I knew it was you by your voice. I said to myself, 'now that sounds like Seldom talking.' haha.


----------



## FREEPOP (Apr 11, 2002)

Seldom said:


> Had a great time and met a bunch of you from this forum. Enjoyed myself immensely and will plan on attending next year.


Dang, I was there Saturday


----------



## 9 (Jan 17, 2000)

General Ottsc said:


> I was gonna stop and say 'hi' to ya and introduce myself when you were sitting on a bench, but you were busy talking to other people. I didn't want to be rude and interrupt your conversation.
> 
> I knew it was you by your voice. I said to myself, 'now that sounds like Seldom talking.' haha.

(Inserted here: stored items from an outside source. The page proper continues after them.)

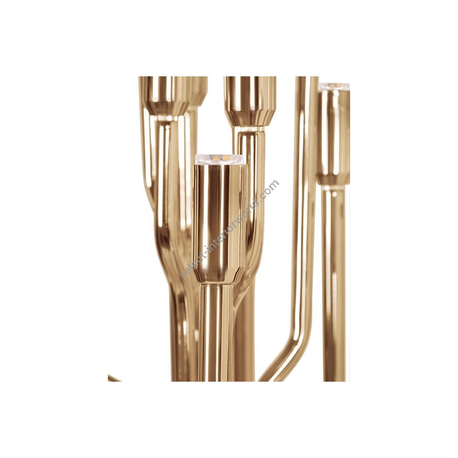 Inspired in Janis Joplin’s music “Best of The Best Gold”, Janis floor lamp recovers the golden jazz spirit of the 60’s. Covered by a golden bath, this entrance floor lamp was designed to make a powerful statement with its mid-century modern design. With almost 67 inches, Janis is 100% handmade in brass, boasting a high quality craftsmanship. This tall standing lamp fits beautifully in a modern entryway or in a classic living room corner, since it is an excellent match for both contemporary and classic decors.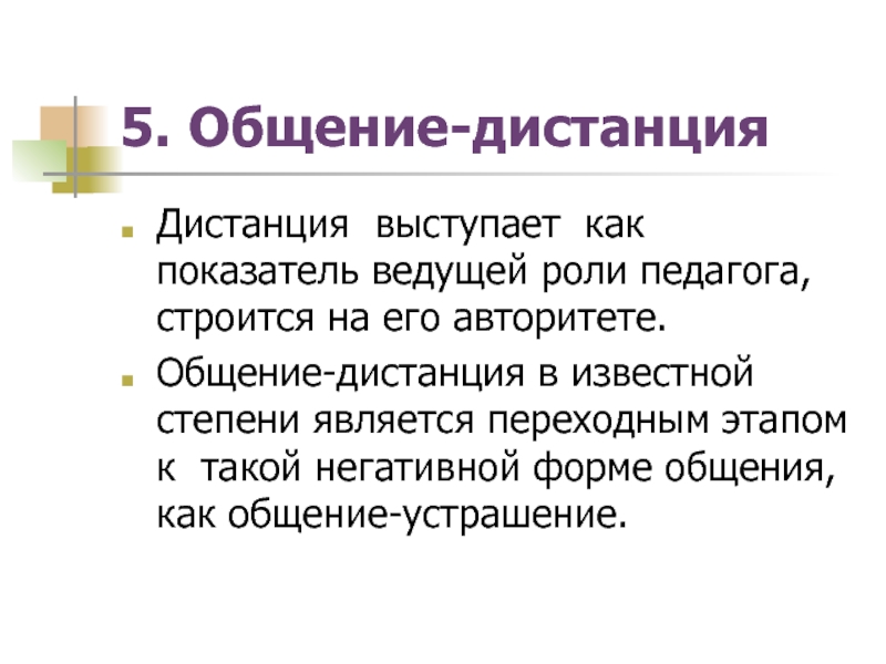 Общение-дистанция в известной степени является переходным этапом к такой негативной форме общения, как общение-устрашение.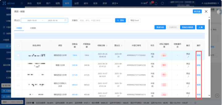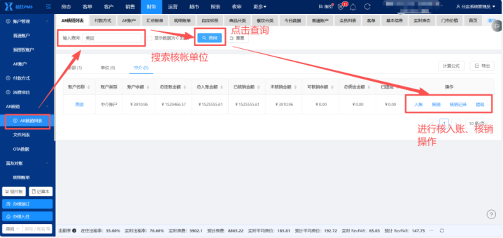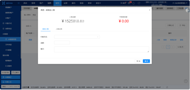 禧住云PMS「AR对账」

Oh man General, you should have swung through because it was sort of a round-table disscusion that went on all forenoon and into the afternoon I would have absolutely loved to have met you. There were buildings I never got to because me and Ace decided to sit down then Jim Dymond sat down beside me and the dance started!! 

I couldn't believe it and while meeting a bunch of great people, a multitude of different trapping topics of discussion just seemed to roll on and on. I'll never forget it, seriously. Heck, Fmann and his wife swung through and slipped right into starting a small discussion on cookie cutters. In fact, because I didn't feel as though we/I explored the topic enough I plan on making a video this week on my experience with the pros & cons of cookie cutters.


----------



## 9 (Jan 17, 2000)

FREEPOP said:


> Dang, I was there Saturday


I sure missed meeting you John!


----------



## General Ottsc (Oct 5, 2017)

Seldom said:


> Oh man General, you should have swung through because it was sort of a round-table disscusion that went on all forenoon and into the afternoon I would have absolutely loved to have met you. There were buildings I never got to because me and Ace decided to sit down then Jim Dymond sat down beside me and the dance started!!
> 
> I couldn't believe it and while meeting a bunch of great people, a multitude of different trapping topics of discussion just seemed to roll on and on. I'll never forget it, seriously. Heck, Fmann and his wife swung through and slipped right into starting a small discussion on cookie cutters. In fact, because I didn't feel as though we/I explored the topic enough I plan on making a video this week on my experience with the pros & cons of cookie cutters.


I couldn't hang out all day, I much as I would've like to. But my wallet sure is thanking me hahaha. Aw well, next time!


----------



## FREEPOP (Apr 11, 2002)

Seldom said:


> I sure missed meeting you John!


Next year is Nationals in Kalamazoo.

I got to talk to Joe R. on Saturday.


----------



## 9 (Jan 17, 2000)

Well say “hi” to Joe for me but he’s probably working all the hours he can/wants right now. Super guy in my opinion!

The National may be a few hours too far for my old butt. It was almost exactly an hour to Evart and I was getting tired of driving. LOL


----------



## 9 (Jan 17, 2000)

General Ottsc said:


> I couldn't hang out all day, I much as I would've like to. But my wallet sure is thanking me hahaha. Aw well, next time!


I wore one of my business cards so folks could recognize me since this is only my 2nd trapping convention. Didn’t need it because folks recognized me from my videos but many, like you, recognized my voice.


----------